What is Twitch Doing for Poker?
By now almost every poker fan is aware of Twitch, a video gaming platform and community created by gamers for gamers. It took a while for them to allow poker to be streamed on the platform, primarily because Twitch saw poker as gambling, not gaming.
Despite his often haggard, basement boy appearance bearing a closer resemblance to Jeff Albertson than Tony Dunst, Jason Somerville has often been at the forefront of educating people on the luck vs. skill argument.
Of course, Jason is not alone in this with the likes of Negreanu leading the charge for legalizing online poker across the United States. It came as no surprise that when Twitch finally gave the greenlight, Jason was the first to see the huge potential this could have on helping to rebuild and grow the declining popularity of online poker.
*Side note: This next part is slightly off topic, but it will make sense at the end.*
For those that are yet to read Mike Sexton's fantastic Life's a Gamble let me help explain what, in reality, caused the poker boom.
Let me help explain what, in reality, caused the poker boom.
People mistakenly point to Chris Moneymaker's 2003 WSOP Main Event win as the defining moment behind the poker boom. Don't get me wrong, an amateur beating the field following his mistaken registration to an online satellite did no harm to poker's popularity, but his win was more the cherry on top.
You see Chris' victory came shortly after poker hit the mainstream media. Mike Sexton, alongside Steven Lipscomb and Linda Johnson parlayed the success of partypoker airing their poker cruise on the Travel Channel into launching the WPT.
The first episode aired on March 30, 2003, months before anyone had heard of Chris Moneymaker. The mainstream exposure and use of hole cams made poker a viewable spectacle, the true definition of reality TV where there are no scripts and the unknown player could outlast the seasoned pros. Just ask Gus Hansen.
Was Chris Moneymaker watching the WPT when he loaded up the $39 PokerStars tournament?

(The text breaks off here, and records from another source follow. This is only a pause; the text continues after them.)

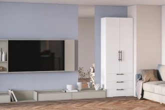 При глубине шкафа менее 500 мм используется выдвижной кронштейн, если глубина шкафа составляет 500 мм и более используется штанга для одежды. Выбор вариантов наполнения на фото за дополнительную плату.
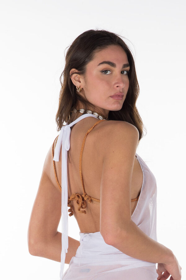 Costume intero ,”trikini”, la parte superiore accompagna il seno seguendo le forme in maniera avvolgente. Il laccetto può essere legato al collo o sulla schiena per un massimo comfort. Lo slip è legato al top da un anello trasparente la parte inferiore è quindi costituita da uno slip regolare ma leggermente sgambato.
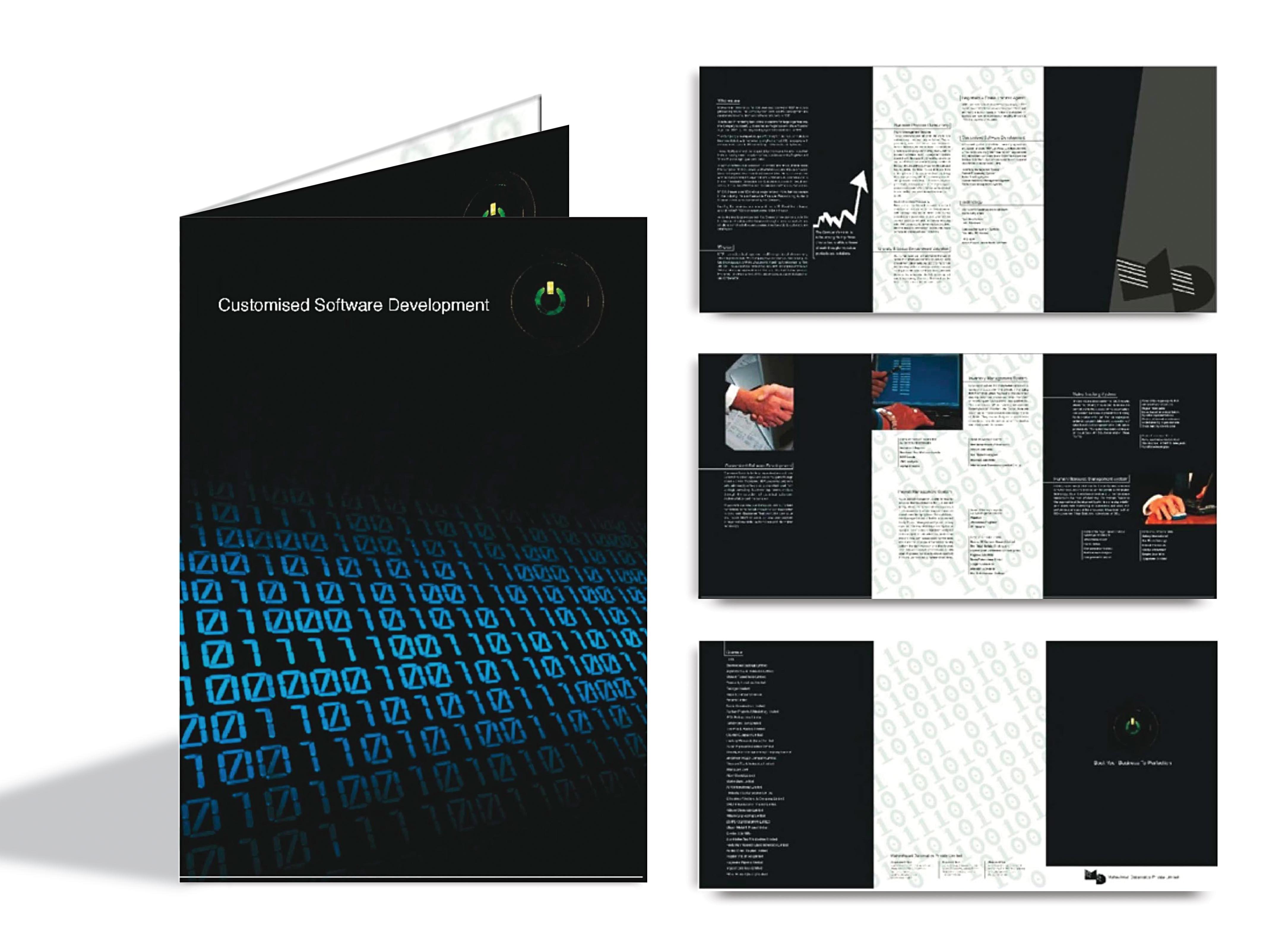Maheshwari Datamatics Private Limited is one of the largest data processing houses in Eastern India and a leading IT company offering customised software solutions. The brochure features a computer power button on its cover. The remainder of the brochure incorporates backgrounds with 1s and 0s that are borrowed from computer binary language to represent a specialisation in software solutions.
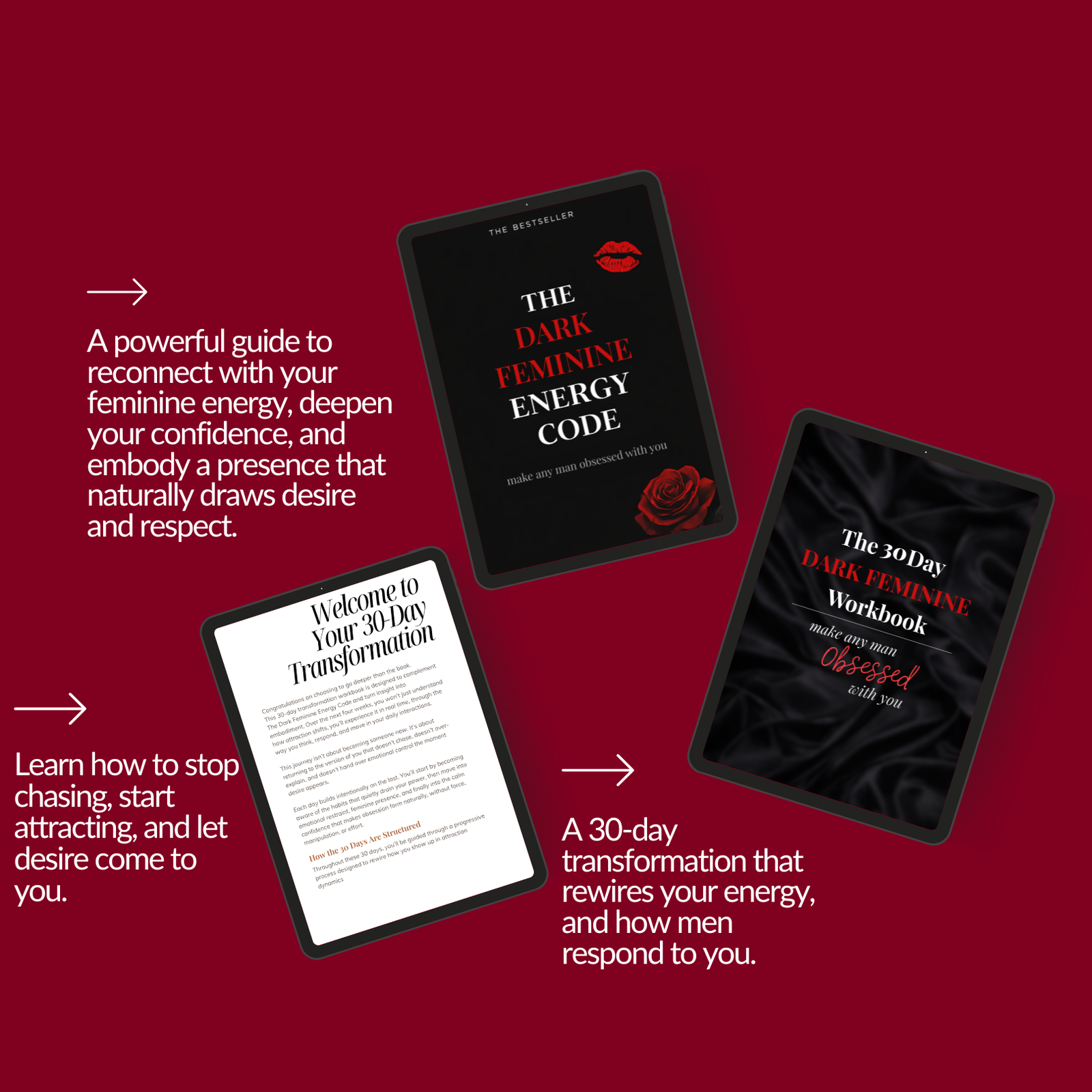The Dark Feminine Energy Code is your step-by-step system for reclaiming your mystery, mastering your boundaries, and shifting into the magnetic energy that forces men to pursue, without you lifting a finger.
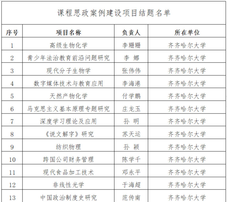 近日,黑龙江省教育厅下发了《关于公布2023 年度黑龙江省研究生课程思政建设项目结题名单的通知》(黑教研函〔2024〕48号)。我校共有15个项目通过结题验收。
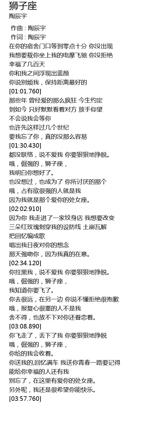 | [01:38.750] | 哦,倔强的,狮子座, |
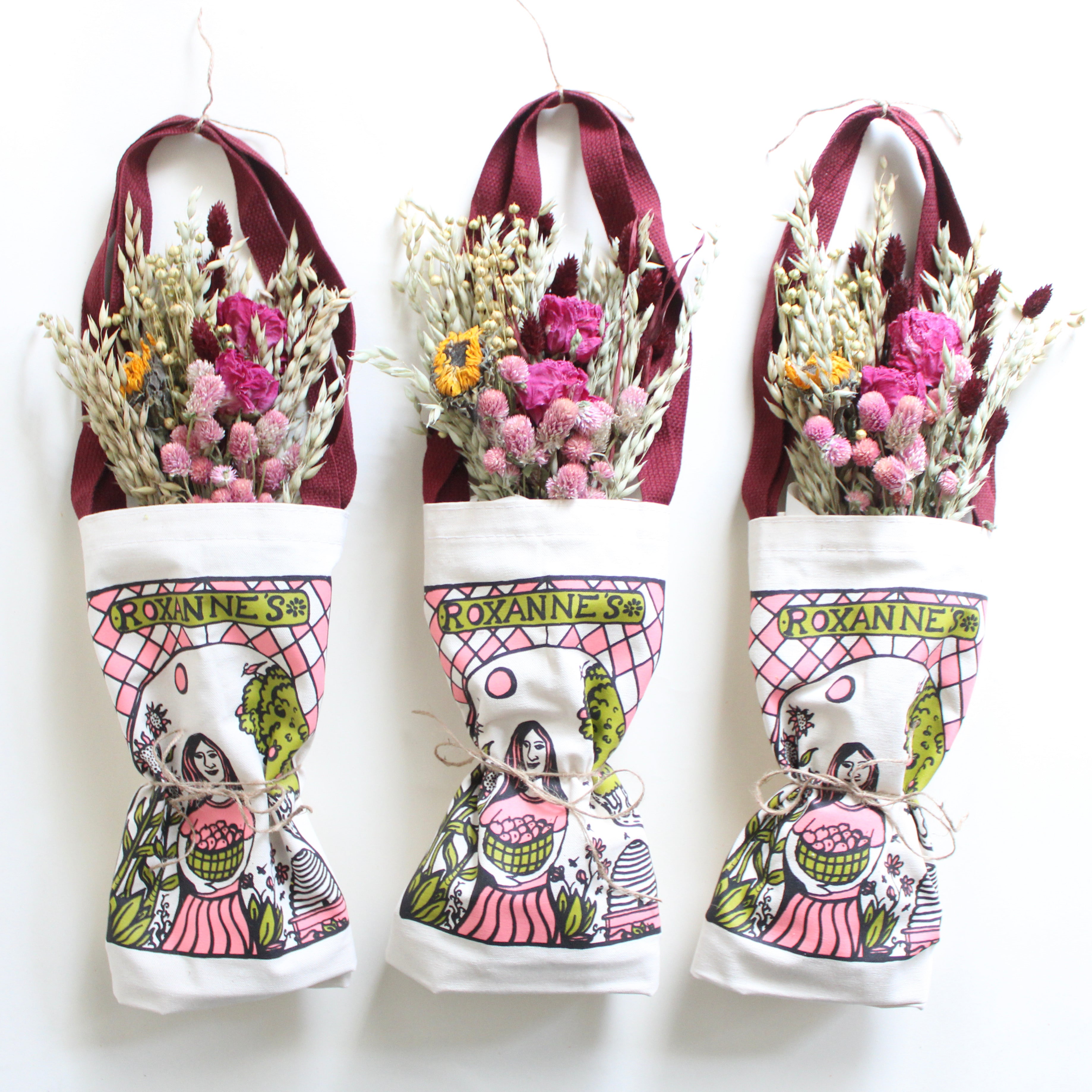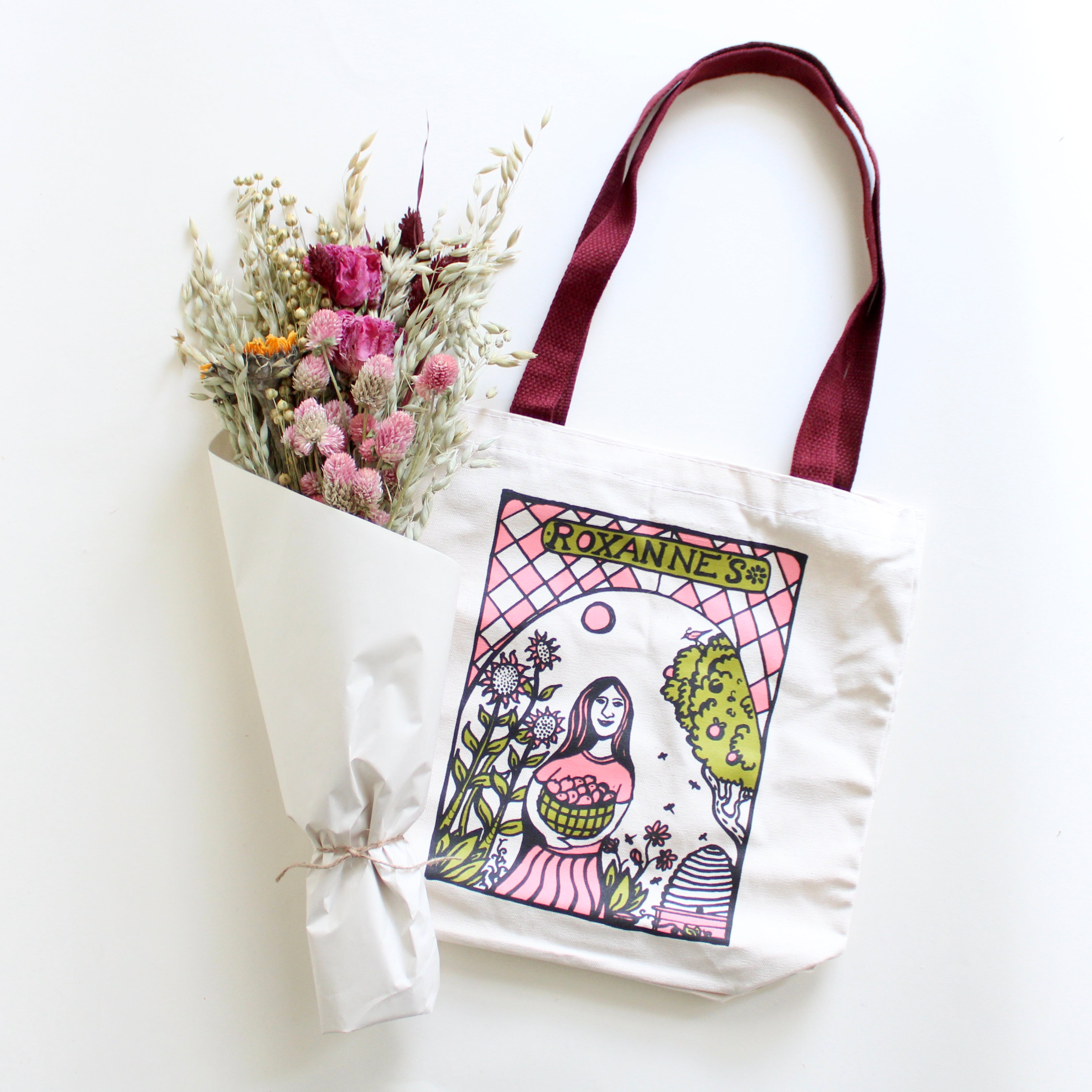 A perfect pairing! This specially designed dried bouquet was made to complement our custom tote bag beautifully. Gift it to someone special or treat yourself. The bouquet brings lasting beauty to your home, while the tote is ready to accompany you on everyday adventures—perfect for gathering blooms, books, or treasures along the way.
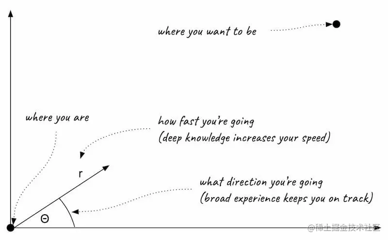 这就是全能程序员的优势,判断正确的仰角 θ,使得两点之间距离最短;特长程序员的优势是前进速度 r,可以在既定道路上做到快速前进。所以,知识的广度能告诉你什么是正确的方向,知识的深度则可以让你在该方向上快速前进。
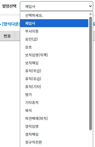 선택된 발령종류에 따라

I haven't asked him, but it wouldn't surprise me. What I'm getting at is that TV exposure was fundamentally the main reason for the poker boom.
We all know what happened with Black Friday (1 and 2) and however you view the decision, the impact on poker was substantial. Gone were the days of High Stakes Poker being televised. As the ability to play and watch poker from the comfort of your own home decreased, a void was left.
TV exposure was fundamentally the main reason for the poker boom.
PokerStars did a fantastic job in introducing live streams for their EPTs and part of their success was finding the right personalities. James Hartigan was relatively unknown, and Joe Stapleton was familiar to the Huff and Stapes audiences; however, when it came to poker commentary, they were a roll of the dice. it worked out, and once again the poker junkies had something to binge watch.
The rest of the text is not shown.